Too Hot? I Think Not: Prepping to Race in the Heat
You may be familiar with altitude training. Elite athletes often go several thousand feet above sea level to where the air has less oxygen in order to increase their red blood cell count. This helps to maximize oxygen consumption which gives them an advantage when they compete at sea level. This is common practice for many professional athletes. But, have you ever heard of heat training? It’s a somewhat newer concept although yogis have been doing it for some time.
Hot yoga and gyms such as the HotWorx chain, which offers virtual workouts in what is essentially a large sauna, are centered around heat training. Some believe that working out in the heat will increase your metabolism. Although this theory is not fully proven yet, there are some universally recognized benefits to training in the heat. Here are some tips on how to best prepare for your next hot-weather race.
Obviously when you exercise in hot temperatures, you will sweat. While not everyone likes the idea of being a heavy sweat-er, sweating can actually help you perform better. If you run in the heat (for about two weeks), your body will learn to expect heat.
This expectation will cause your body to begin sweating sooner than it normally would have. This is our natural cooling system. As the perspiration evaporates from your skin, it cools your body temperature. Sweating sooner can keep you cooler in the long run. (Pun intended.) Your body expects the heat, cools itself from the get go, and enables you to run farther, faster in hotter weather.
Go at High Noon
The sun is the hottest between noon and 3pm. It would, therefore, seem logical to hit the pavement or track early in the morning or late in the evening. This is what most runners do. However, if you’re training to race in hot weather, you better strap on those running shoes at lunch time.
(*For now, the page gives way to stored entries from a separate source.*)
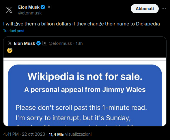 🇺🇸 Elon Musk ne ha fatta un'altra delle sue: in un post su X, ha annunciato la volontà di donare 1 miliardo di dollari a Wikipedia se cambiasse nome in D*ckipedia.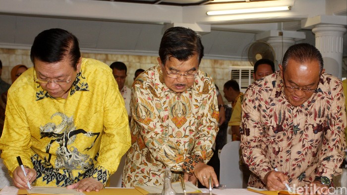 "Pak JK hadir. Dengan Pak Yasonna (Menkum HAM), Pak Menko (Polhukam-Luhut Pandjaitan), dan Pak Tjahjo (Mendagri)," kata Sekjen Golkar kubu Ical, Idrus Marham di JCC, Jakarta, Senin (25/1/2016).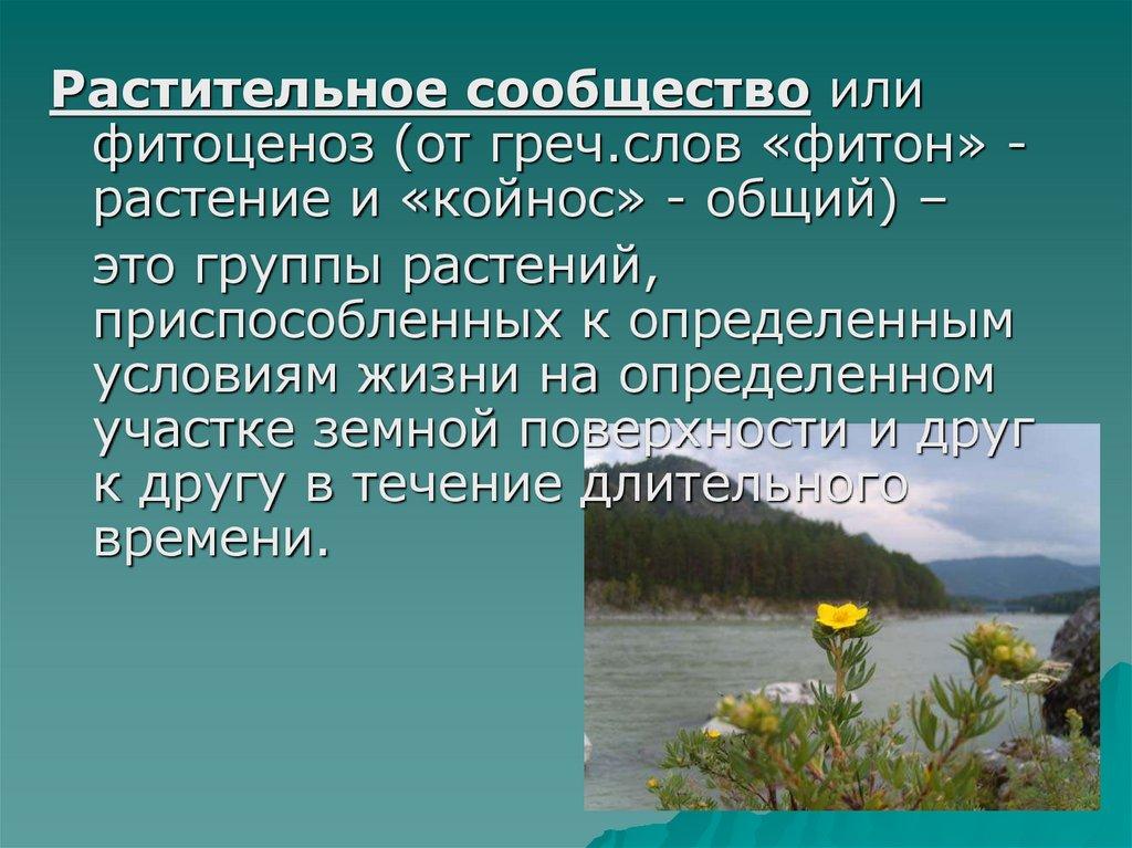 Растительное сообщество илифитоценоз (от греч.слов «фитон» растение и «койнос» - общий) –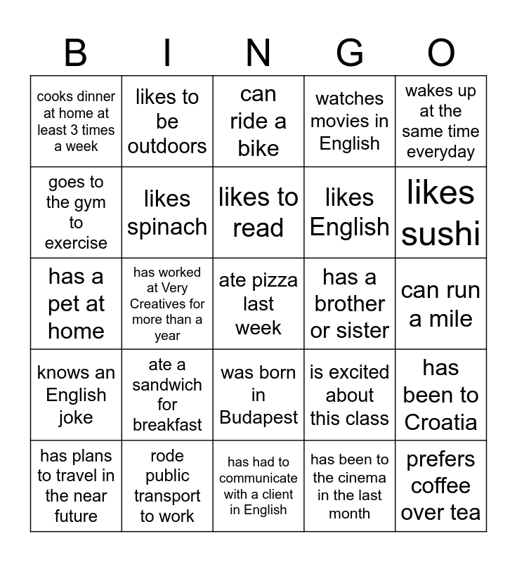 This bingo card has a free space and 24 words: ate a sandwich for breakfast, rode public transport to work, likes to read, has plans to travel in the near future, wakes up at the same time everyday, cooks dinner at home at least 3 times a week, goes to the gym to exercise, likes to be outdoors, has a brother or sister, was born in Budapest, likes English, has a pet at home, is excited about this class, has been to Croatia, likes spinach, has been to the cinema in the last month, can run a mile, can ride a bike, likes sushi, has worked at Very Creatives for more than a year, prefers coffee over tea, knows an English joke, watches movies in English and has had to communicate with a client in English.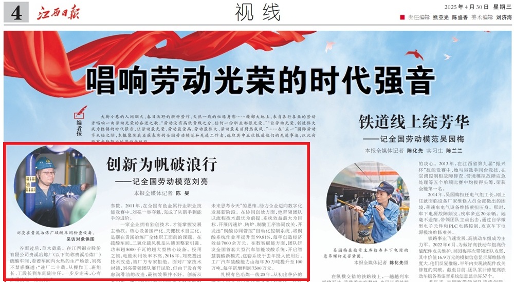 “五一”國際勞動節(jié)前夕,江銅貴溪冶煉廠硫酸車間副主任劉亮被授予2025年“全國勞動模范”榮譽稱號。4月30日,《江西日報》推出《唱響勞動光榮的時代強音》整版特別報道,頭條聚焦全國勞動模范劉亮,著重介紹他的先進事跡,向所有辛勤努力的勞動者致敬。

Running when the sun is at its peak forces your body to start heat acclimation. You will not want to run far or fast, but doing some training runs in these temperatures will make race day feel like a breeze.
Running in the heat for roughly ten days will increase the plasma volume in your blood. Plasma transports vital elements to your cells. More plasma allows nutrients to flow to your muscles faster and more efficiently. If you legs feel heavy in the heat, it’s because the blood is being used to cool your body temperature. If, however, your body acclimates to heat and sustains more plasma volume, blood can get to those legs and keep them pumping even in high temperatures.
Embrace Your Slow Side
There is a scale known as the “Rate of Perceived Exertion.” This scale (either from 6-20 or 1-10 depending on which model you use) rates how much physical stress, or exertion, you’re putting forth during any given activity. At its simplest, a 1 on the scale is experienced during very light activity and a 10 is during maximum effort. Runners prepping for a race generally hit 2-8 during their training. If you train in the heat, however, you will find that your rate of perceived exertion elevates. Running at a 3 in 50 degrees could feel like you’re at a 5 in 80 degrees.
Shorter, slower runs in the heat can provide similar levels of exertion and exhaustion as longer, faster runs in cooler weather. The best piece of heat training advice I received from a trainer is to give up looking at your pace-per-mile and just run for time. She said 45 minutes of slower mileage in the heat provides the same benefits as 45 minutes of running in cooler weather. So slow down and enjoy the sweat.
Drink Early. Drink Often.
As runners, we all know that we need to hydrate. It is engrained in our heads since our first race. Running in the heat obviously requires more hydration than running in cooler weather since you’re losing more water through sweat. Here are two things to keep in mind when prepping for a hot weather race:
First, you must pre-hydrate. This does not mean drinking right before you race or run. This hydration starts days before an event. You’ll want to increase your water intake up to three days before the big race. Not only should you plan to drink more water than you normally do, you will also have to plan to replace water loss if you drink anything caffeinated or alcoholic during that time. One cup of coffee = two glasses of water. One glass of wine = two glasses of water. You get the idea. To monitor your hydration, you can simply check out the color of your urine. Bright yellow urine means you need to drink more.
Secondarily, you need to up your sodium intake. The body needs to not only hydrate, but it needs to hold on to some of this hydration. Sodium will do this for you. It will also make you want to drink more. If you look at the ingredients of popular sports drinks, you will find that they have a high sodium content. The electrolytes that can be built up and stored during the pre-race days are vital for a hot run. Sports drinks are often too sugary but they can be diluted. I recommend a 3-to-1 ratio of water-to-sports drink as a good rule of thumb. I alternate between drinking this mix and drinking plain water in the days before a hot race. If you need a quick way to up your sodium intake, you can also look into purchasing salt tablets.
Don’t let the temperature be the deciding factor on if you can sign up for that hot-weather race. If you want to tackle a summer run, there are ways to do it safely. Although running in the heat is strenuous and challenging, if you are prepared for it, you can conquer those miles. And who knows? You may even find that you like the extra challenge.